Transcribe word for word the section of the records below that opens with the line containing "18K Gold Statement" and closes with the line containing "- Évier compact"; drop every picture.

Records for this task:

■ ■ ■ ■ ■

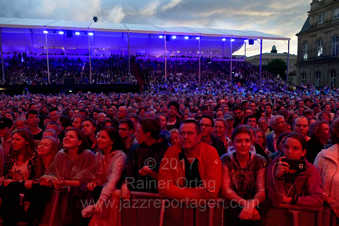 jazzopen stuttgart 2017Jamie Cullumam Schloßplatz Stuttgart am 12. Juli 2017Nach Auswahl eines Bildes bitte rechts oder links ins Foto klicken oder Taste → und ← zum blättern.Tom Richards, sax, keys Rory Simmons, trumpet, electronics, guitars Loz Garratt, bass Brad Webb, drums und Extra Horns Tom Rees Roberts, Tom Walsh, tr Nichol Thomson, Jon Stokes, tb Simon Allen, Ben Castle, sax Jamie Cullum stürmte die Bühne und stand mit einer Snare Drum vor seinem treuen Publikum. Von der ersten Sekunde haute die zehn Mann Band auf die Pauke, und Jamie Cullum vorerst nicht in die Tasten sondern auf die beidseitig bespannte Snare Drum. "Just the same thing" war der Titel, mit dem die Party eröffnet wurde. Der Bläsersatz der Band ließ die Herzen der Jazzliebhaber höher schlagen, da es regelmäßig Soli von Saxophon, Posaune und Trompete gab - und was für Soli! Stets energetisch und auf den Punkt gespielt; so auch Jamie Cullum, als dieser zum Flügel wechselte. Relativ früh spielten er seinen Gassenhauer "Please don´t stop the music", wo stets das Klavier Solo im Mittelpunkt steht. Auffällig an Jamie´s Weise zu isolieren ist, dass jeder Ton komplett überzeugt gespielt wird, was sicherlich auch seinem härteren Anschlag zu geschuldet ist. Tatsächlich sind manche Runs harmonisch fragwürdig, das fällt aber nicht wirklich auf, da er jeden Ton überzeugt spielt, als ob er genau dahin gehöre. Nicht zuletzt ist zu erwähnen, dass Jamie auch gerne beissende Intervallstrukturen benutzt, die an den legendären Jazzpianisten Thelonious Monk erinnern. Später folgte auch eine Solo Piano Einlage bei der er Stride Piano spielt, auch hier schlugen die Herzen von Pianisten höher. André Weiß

■ ■ ■ ■ ■

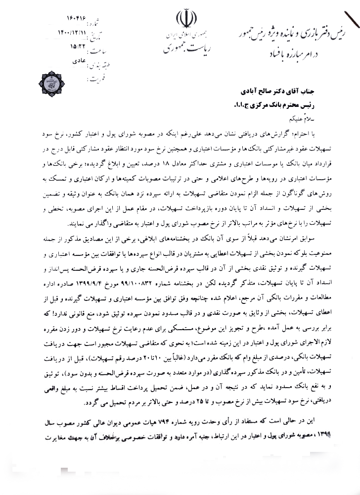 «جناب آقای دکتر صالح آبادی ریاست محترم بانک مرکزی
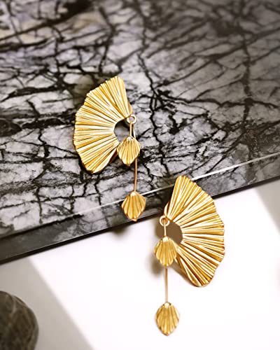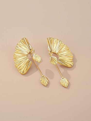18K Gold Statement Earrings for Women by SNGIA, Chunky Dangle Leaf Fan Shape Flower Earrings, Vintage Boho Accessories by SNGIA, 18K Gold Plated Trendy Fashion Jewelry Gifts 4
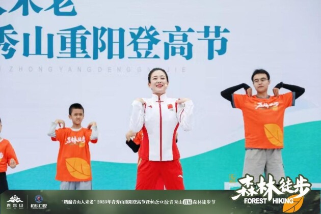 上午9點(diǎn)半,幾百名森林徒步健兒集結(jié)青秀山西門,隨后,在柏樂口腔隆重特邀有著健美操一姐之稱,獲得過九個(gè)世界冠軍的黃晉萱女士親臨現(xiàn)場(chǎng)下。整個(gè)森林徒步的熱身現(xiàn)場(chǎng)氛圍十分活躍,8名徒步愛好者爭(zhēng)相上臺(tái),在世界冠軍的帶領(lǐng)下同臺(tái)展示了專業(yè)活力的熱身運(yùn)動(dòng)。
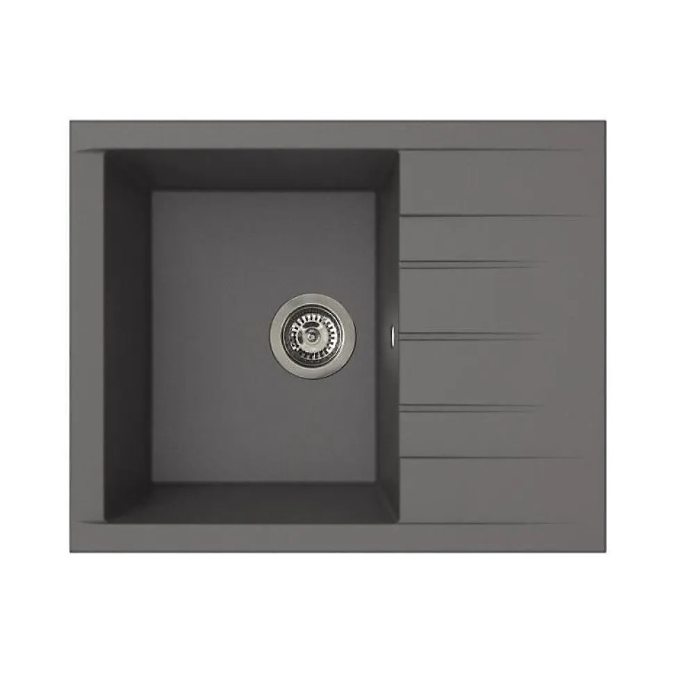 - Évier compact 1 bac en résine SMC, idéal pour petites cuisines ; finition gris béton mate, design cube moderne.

■ ■ ■ ■ ■

Task response:
18K Gold Statement Earrings for Women by SNGIA, Chunky Dangle Leaf Fan Shape Flower Earrings, Vintage Boho Accessories by SNGIA, 18K Gold Plated Trendy Fashion Jewelry Gifts 4
 上午9點(diǎn)半,幾百名森林徒步健兒集結(jié)青秀山西門,隨后,在柏樂口腔隆重特邀有著健美操一姐之稱,獲得過九個(gè)世界冠軍的黃晉萱女士親臨現(xiàn)場(chǎng)下。整個(gè)森林徒步的熱身現(xiàn)場(chǎng)氛圍十分活躍,8名徒步愛好者爭(zhēng)相上臺(tái),在世界冠軍的帶領(lǐng)下同臺(tái)展示了專業(yè)活力的熱身運(yùn)動(dòng)。
 - Évier compact 1 bac en résine SMC, idéal pour petites cuisines ; finition gris béton mate, design cube moderne.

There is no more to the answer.